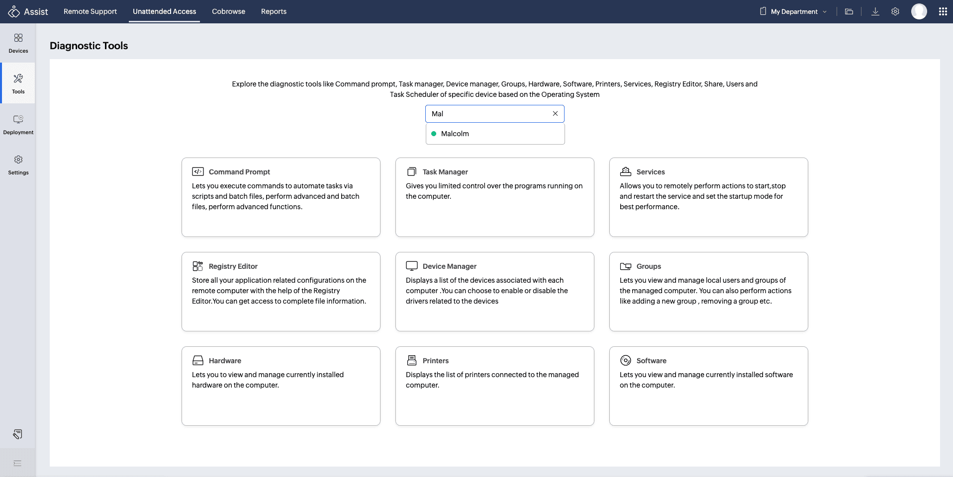 - From the Tools Section - Navigate to Unattended Access > Tools. Search for and select the required device. Click File Manager from the left sidebar.
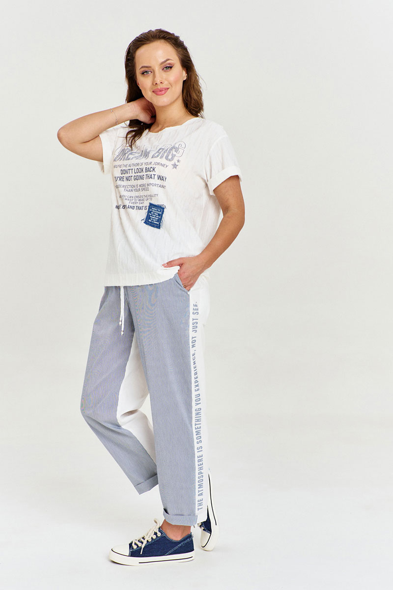 Футболка из вискозного трикотажа с фактурой "дырочки", свободного силуэта с коротким рукавом и круглой горловиной. На переде авторский принт и джинсовая нашивка с необработанным срезом.
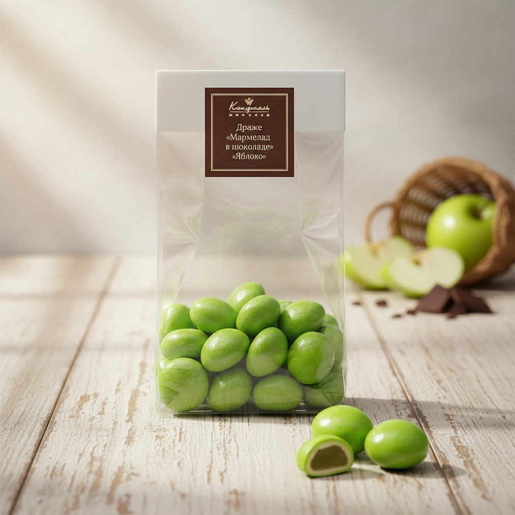 Прозрачная упаковка, не скрывающая своё соблазнительное содержимое - драже мармелад Яблоко в шоколаде, - желанный подарок для ваших близких. Порадуйте же их поскорее!
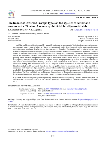 17. P. A. A., “Potentials of integrating generative artificial intelligence technologies into formative assessment processes in higher education,” Vestnik Majkopskogo Gosudarstvennogo Tehnologiceskogo Universiteta, vol. 16, no. 2, pp. 98-109, 2024, https://doi.org/10.47370/2078-1024-2024-16-2-98-109.
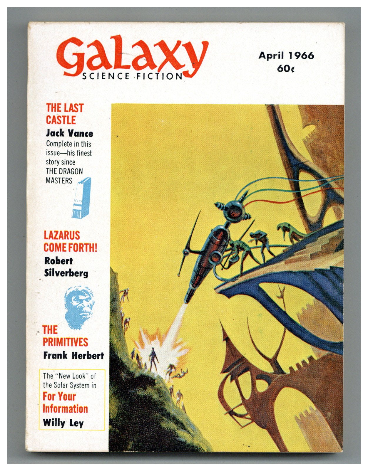 Published Apr 1966 by Galaxy Publications.$8.49April 1966. Cover by Jack Gaughan. Stories: "The Last Castle" by Jack Vance, "Lazarus Come Forth!" by Robert Silverberg, "The Primitives" by Frank Herbert, "The Crystal Prison" by Fritz Leiber, "The Night Before" by George Henry Smith, "Big Business" by Jim Harmon, and "Devise and Conquer" by Christopher Anvil. Non-Fact Article: Twenty-Seven Inches of Moonshine" by Jack B. Lawson. Illustrations by Jack Gaughan, Gray Morrow, and Wallace Wood. Softcover Pulp Digest, 5-in. x 7-in.;194 Pages, B&W. Cover price $0.50.
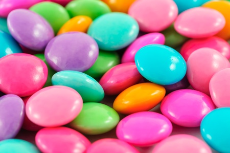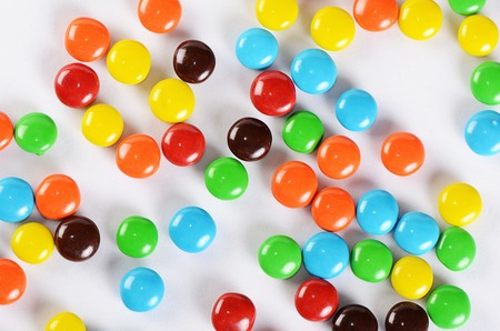 Background with scattered multicolored chocolate candy and sugar candy. Toned image
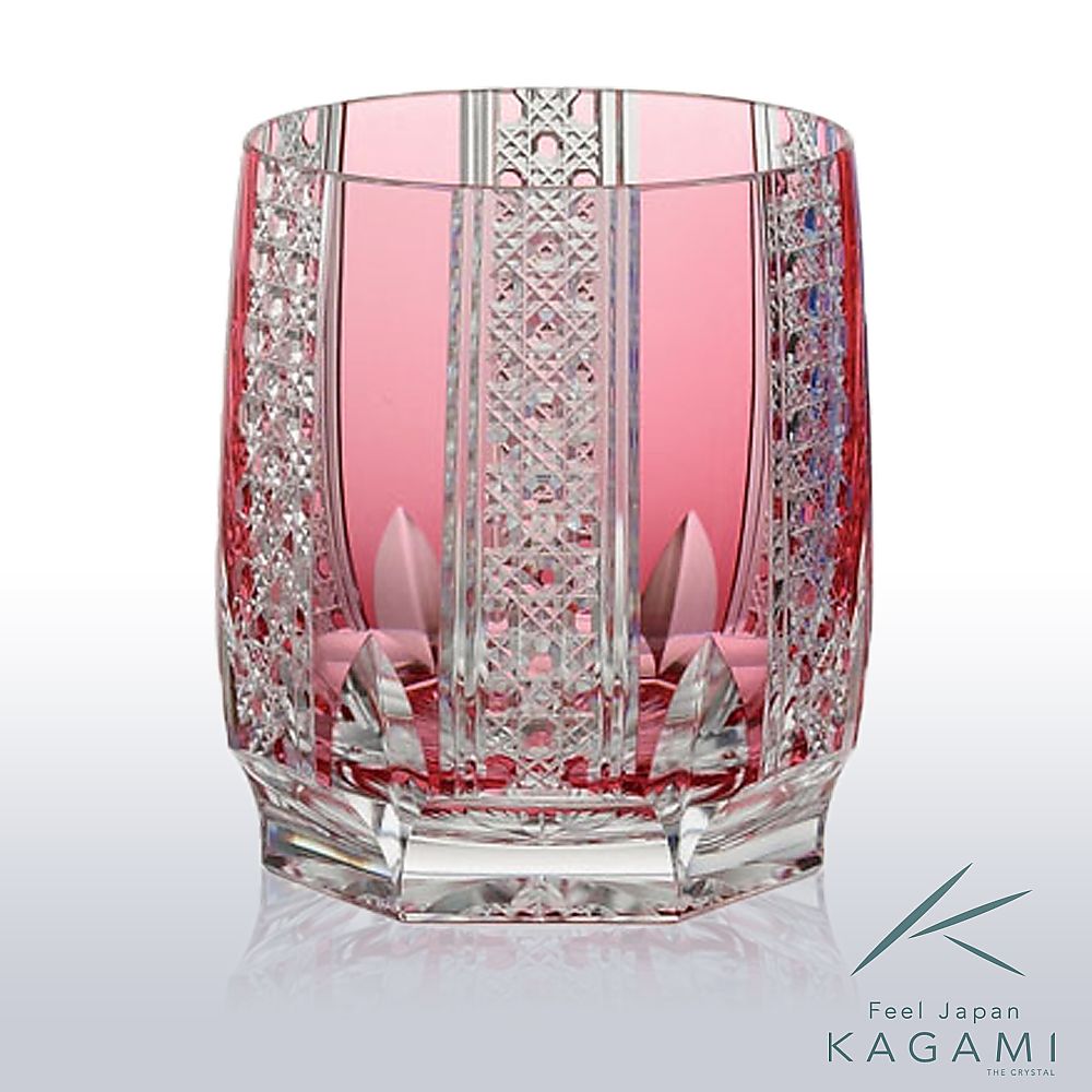 鮮やかな赤と切子模様が特徴のカガミクリスタルロックグラス
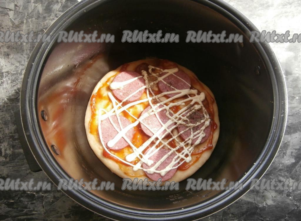 Готовить основу пиццы на режиме "Выпечка" 15 минут, затем крышку мультиварки открыть. Основу пиццы смазать сверху кетчупом, выложить кружочки колбасы, смазать немного майонезом, поперчить.
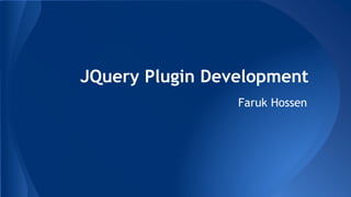 JQuery is a JavaScript library that allows developers to easily manipulate HTML, CSS, and events. A JQuery plugin extends JQuery's functionality by adding new methods to its prototype object. Plugins provide reusable code and save development time. A plugin consists of a function, options, callbacks, and the ability to chain methods. The 'this' keyword refers to DOM elements or JQuery objects depending on the context.
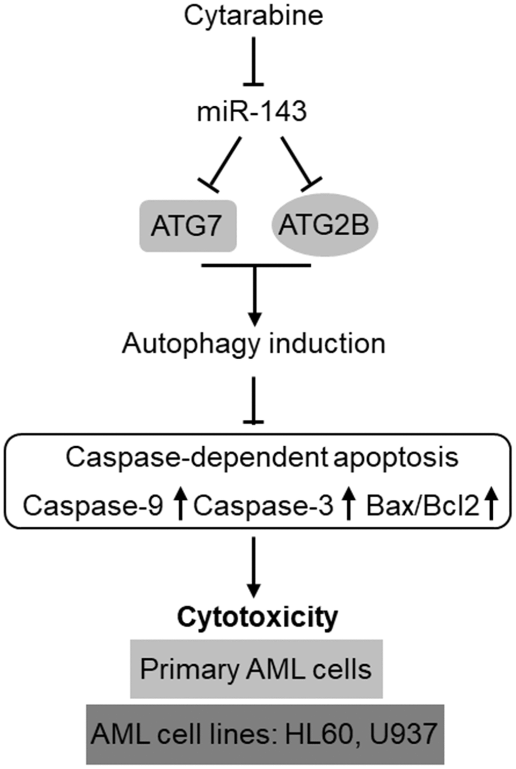 In summary, this study provides molecular basis demonstrating that miR-143 sensitizes AML cells to cytarabine treatment by suppressing anti-apoptotic autophagy through directly targeting ATG7 and ATG2B. Evidence obtaining from animal models is preferably needed to demonstrate whether miR-143 enhances cytarabine cytotoxicity in vivo.

Requirement => Would you output, word for word, only the lines running from the line with "Background with scattered" to the end of the listing above, both ends included, with no pictures?

Exercise answer =>
 Background with scattered multicolored chocolate candy and sugar candy. Toned image
 鮮やかな赤と切子模様が特徴のカガミクリスタルロックグラス
 Готовить основу пиццы на режиме "Выпечка" 15 минут, затем крышку мультиварки открыть. Основу пиццы смазать сверху кетчупом, выложить кружочки колбасы, смазать немного майонезом, поперчить.
 JQuery is a JavaScript library that allows developers to easily manipulate HTML, CSS, and events. A JQuery plugin extends JQuery's functionality by adding new methods to its prototype object. Plugins provide reusable code and save development time. A plugin consists of a function, options, callbacks, and the ability to chain methods. The 'this' keyword refers to DOM elements or JQuery objects depending on the context.
 In summary, this study provides molecular basis demonstrating that miR-143 sensitizes AML cells to cytarabine treatment by suppressing anti-apoptotic autophagy through directly targeting ATG7 and ATG2B. Evidence obtaining from animal models is preferably needed to demonstrate whether miR-143 enhances cytarabine cytotoxicity in vivo.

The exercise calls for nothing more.